WORK INSTRUCTION:
Pictures stay out of the output. Return exactly the lines below from the one with "深圳灣公園內(nèi),游客在公共廁所前有序排隊(duì)等候。記者 陳玉 攝" down to the one with "A PAIR OF GILTWOOD", both included, and nothing more.

DATA PROVIDED:
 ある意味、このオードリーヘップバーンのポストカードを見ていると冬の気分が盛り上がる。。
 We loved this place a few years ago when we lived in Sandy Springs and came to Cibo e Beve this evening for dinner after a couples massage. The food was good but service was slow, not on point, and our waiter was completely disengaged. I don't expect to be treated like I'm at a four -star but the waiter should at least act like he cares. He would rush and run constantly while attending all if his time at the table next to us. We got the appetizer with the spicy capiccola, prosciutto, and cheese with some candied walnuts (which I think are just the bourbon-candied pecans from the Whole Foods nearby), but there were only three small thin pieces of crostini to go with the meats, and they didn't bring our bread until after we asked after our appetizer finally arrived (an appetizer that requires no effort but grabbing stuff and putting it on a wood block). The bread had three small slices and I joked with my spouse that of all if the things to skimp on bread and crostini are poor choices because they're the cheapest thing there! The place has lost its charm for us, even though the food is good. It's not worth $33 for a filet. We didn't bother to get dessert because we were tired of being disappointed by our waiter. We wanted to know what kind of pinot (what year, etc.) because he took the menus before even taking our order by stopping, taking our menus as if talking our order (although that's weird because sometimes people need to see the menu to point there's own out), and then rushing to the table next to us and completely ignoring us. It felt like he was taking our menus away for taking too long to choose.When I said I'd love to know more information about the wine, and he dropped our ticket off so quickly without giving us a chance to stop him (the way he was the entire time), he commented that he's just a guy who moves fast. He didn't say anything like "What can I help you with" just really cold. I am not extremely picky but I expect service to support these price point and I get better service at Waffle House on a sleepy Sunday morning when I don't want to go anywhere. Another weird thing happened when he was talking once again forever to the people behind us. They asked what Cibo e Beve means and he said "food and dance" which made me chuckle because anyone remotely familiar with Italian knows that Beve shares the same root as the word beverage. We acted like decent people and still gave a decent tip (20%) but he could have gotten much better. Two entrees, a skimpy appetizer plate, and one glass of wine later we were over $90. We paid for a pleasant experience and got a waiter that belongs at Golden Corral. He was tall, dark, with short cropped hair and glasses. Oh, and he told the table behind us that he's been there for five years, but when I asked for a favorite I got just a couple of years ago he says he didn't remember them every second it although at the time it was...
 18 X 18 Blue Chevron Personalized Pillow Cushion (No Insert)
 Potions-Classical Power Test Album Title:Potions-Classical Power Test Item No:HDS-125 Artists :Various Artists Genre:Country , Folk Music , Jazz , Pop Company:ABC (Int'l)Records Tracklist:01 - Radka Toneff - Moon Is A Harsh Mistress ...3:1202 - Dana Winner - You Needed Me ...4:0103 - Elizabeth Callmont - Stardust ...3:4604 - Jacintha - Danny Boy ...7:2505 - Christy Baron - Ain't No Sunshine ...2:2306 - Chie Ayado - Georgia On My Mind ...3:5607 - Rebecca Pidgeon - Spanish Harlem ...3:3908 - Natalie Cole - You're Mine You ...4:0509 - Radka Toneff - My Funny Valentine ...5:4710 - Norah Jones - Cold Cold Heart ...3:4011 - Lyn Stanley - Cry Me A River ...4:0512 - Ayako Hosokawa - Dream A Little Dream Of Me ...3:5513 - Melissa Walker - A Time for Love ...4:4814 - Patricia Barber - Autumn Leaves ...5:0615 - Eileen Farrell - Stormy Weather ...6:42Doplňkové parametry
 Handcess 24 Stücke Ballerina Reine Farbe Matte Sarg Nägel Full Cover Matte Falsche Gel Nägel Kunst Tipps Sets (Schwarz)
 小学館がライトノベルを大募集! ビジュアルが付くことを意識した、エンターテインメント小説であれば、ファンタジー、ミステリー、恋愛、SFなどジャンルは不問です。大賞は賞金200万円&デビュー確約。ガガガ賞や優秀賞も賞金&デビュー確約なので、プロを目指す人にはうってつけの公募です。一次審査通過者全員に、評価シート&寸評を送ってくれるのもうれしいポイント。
==
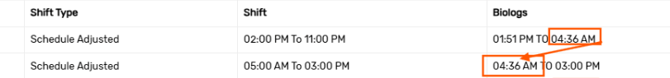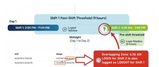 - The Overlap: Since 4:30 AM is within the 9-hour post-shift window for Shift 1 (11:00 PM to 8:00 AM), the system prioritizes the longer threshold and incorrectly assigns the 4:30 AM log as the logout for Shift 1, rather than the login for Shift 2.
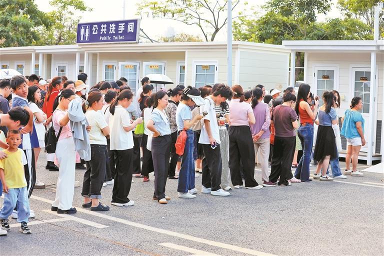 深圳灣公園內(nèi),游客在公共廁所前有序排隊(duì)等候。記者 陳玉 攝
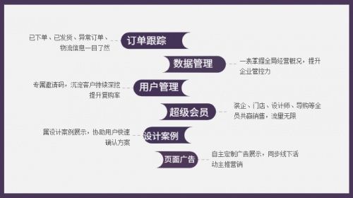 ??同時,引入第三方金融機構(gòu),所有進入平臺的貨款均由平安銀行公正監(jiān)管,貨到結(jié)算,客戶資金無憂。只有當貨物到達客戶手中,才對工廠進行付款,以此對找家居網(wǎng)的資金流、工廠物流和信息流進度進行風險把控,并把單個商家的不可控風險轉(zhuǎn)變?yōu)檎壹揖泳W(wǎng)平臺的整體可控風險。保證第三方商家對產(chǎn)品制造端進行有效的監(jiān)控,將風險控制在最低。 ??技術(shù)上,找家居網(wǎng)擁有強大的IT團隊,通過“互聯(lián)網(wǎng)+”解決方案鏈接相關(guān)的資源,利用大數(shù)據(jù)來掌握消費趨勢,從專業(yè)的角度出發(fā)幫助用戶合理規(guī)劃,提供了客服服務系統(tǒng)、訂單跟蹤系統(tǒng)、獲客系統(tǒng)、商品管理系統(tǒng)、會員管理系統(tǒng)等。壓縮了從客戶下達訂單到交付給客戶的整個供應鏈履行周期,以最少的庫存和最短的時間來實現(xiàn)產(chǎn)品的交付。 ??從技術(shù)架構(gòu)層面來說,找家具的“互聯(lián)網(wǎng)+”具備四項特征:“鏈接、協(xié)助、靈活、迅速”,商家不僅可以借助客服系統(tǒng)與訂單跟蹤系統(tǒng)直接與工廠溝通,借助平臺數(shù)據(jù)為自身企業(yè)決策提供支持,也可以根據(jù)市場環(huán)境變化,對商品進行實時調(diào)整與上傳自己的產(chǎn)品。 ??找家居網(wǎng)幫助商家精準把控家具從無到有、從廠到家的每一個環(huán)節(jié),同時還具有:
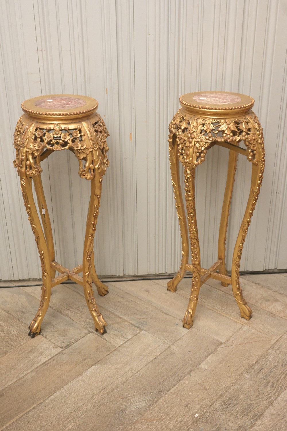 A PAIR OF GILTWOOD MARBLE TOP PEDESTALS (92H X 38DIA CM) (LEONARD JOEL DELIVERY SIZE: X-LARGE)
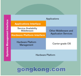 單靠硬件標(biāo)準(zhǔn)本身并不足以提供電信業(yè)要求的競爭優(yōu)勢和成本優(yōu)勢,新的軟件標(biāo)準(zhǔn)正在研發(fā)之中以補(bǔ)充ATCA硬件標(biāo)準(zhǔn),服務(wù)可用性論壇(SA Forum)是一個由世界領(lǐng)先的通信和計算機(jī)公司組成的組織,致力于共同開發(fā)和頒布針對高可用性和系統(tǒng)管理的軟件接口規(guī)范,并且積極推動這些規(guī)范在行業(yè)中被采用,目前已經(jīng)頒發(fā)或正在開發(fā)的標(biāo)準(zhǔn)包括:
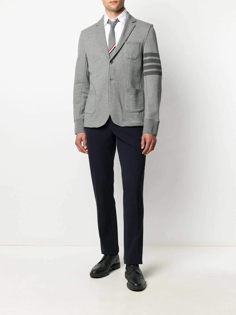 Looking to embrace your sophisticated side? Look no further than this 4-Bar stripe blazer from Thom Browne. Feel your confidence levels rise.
--
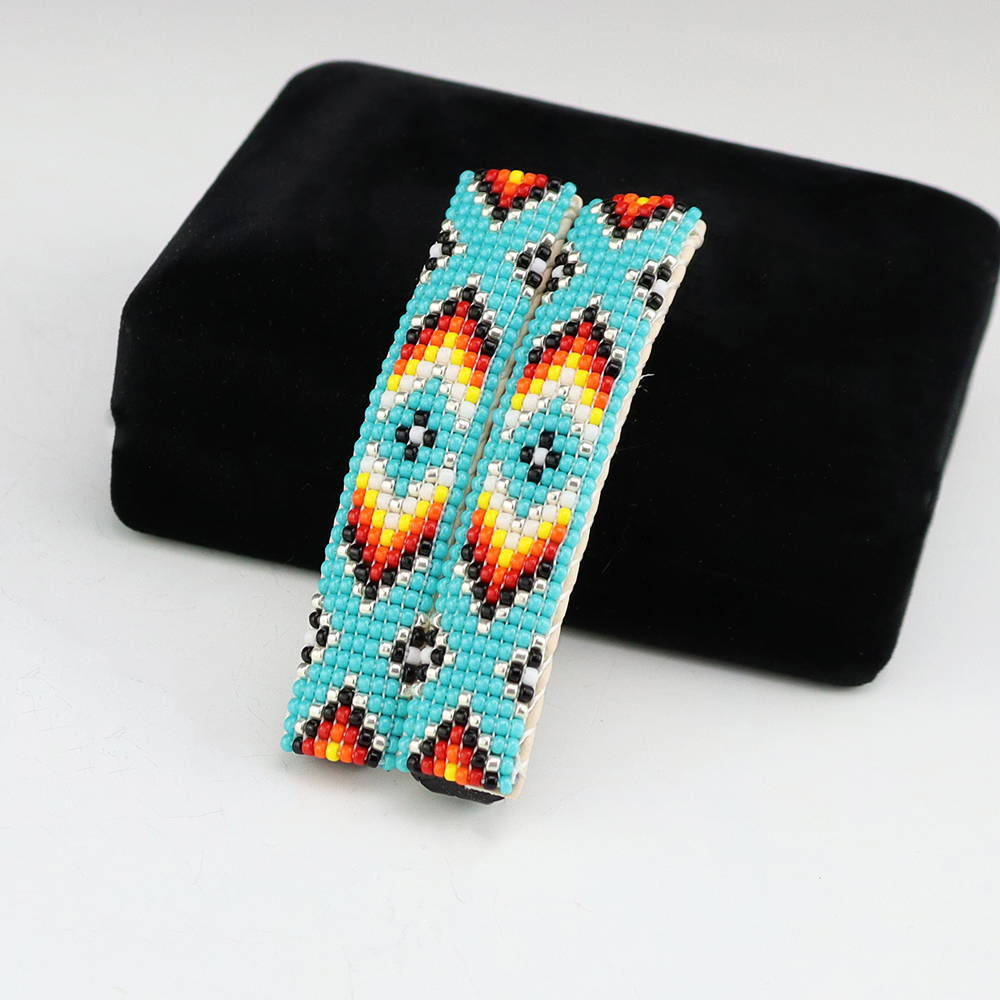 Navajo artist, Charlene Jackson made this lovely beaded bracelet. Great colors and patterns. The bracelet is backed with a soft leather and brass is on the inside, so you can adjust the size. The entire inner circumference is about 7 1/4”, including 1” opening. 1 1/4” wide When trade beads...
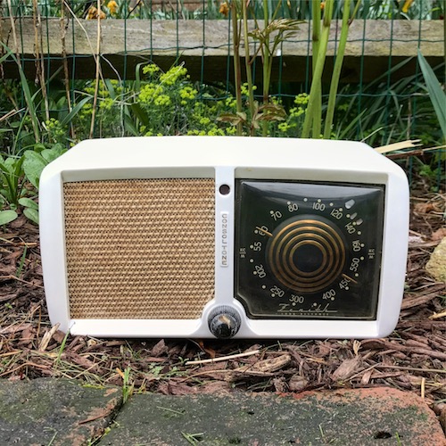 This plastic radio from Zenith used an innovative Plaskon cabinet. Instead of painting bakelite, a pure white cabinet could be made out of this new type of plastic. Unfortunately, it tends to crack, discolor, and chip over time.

EXERCISE RESULT:
 深圳灣公園內(nèi),游客在公共廁所前有序排隊(duì)等候。記者 陳玉 攝
 ??同時,引入第三方金融機構(gòu),所有進入平臺的貨款均由平安銀行公正監(jiān)管,貨到結(jié)算,客戶資金無憂。只有當貨物到達客戶手中,才對工廠進行付款,以此對找家居網(wǎng)的資金流、工廠物流和信息流進度進行風險把控,并把單個商家的不可控風險轉(zhuǎn)變?yōu)檎壹揖泳W(wǎng)平臺的整體可控風險。保證第三方商家對產(chǎn)品制造端進行有效的監(jiān)控,將風險控制在最低。 ??技術(shù)上,找家居網(wǎng)擁有強大的IT團隊,通過“互聯(lián)網(wǎng)+”解決方案鏈接相關(guān)的資源,利用大數(shù)據(jù)來掌握消費趨勢,從專業(yè)的角度出發(fā)幫助用戶合理規(guī)劃,提供了客服服務系統(tǒng)、訂單跟蹤系統(tǒng)、獲客系統(tǒng)、商品管理系統(tǒng)、會員管理系統(tǒng)等。壓縮了從客戶下達訂單到交付給客戶的整個供應鏈履行周期,以最少的庫存和最短的時間來實現(xiàn)產(chǎn)品的交付。 ??從技術(shù)架構(gòu)層面來說,找家具的“互聯(lián)網(wǎng)+”具備四項特征:“鏈接、協(xié)助、靈活、迅速”,商家不僅可以借助客服系統(tǒng)與訂單跟蹤系統(tǒng)直接與工廠溝通,借助平臺數(shù)據(jù)為自身企業(yè)決策提供支持,也可以根據(jù)市場環(huán)境變化,對商品進行實時調(diào)整與上傳自己的產(chǎn)品。 ??找家居網(wǎng)幫助商家精準把控家具從無到有、從廠到家的每一個環(huán)節(jié),同時還具有:
 A PAIR OF GILTWOOD MARBLE TOP PEDESTALS (92H X 38DIA CM) (LEONARD JOEL DELIVERY SIZE: X-LARGE)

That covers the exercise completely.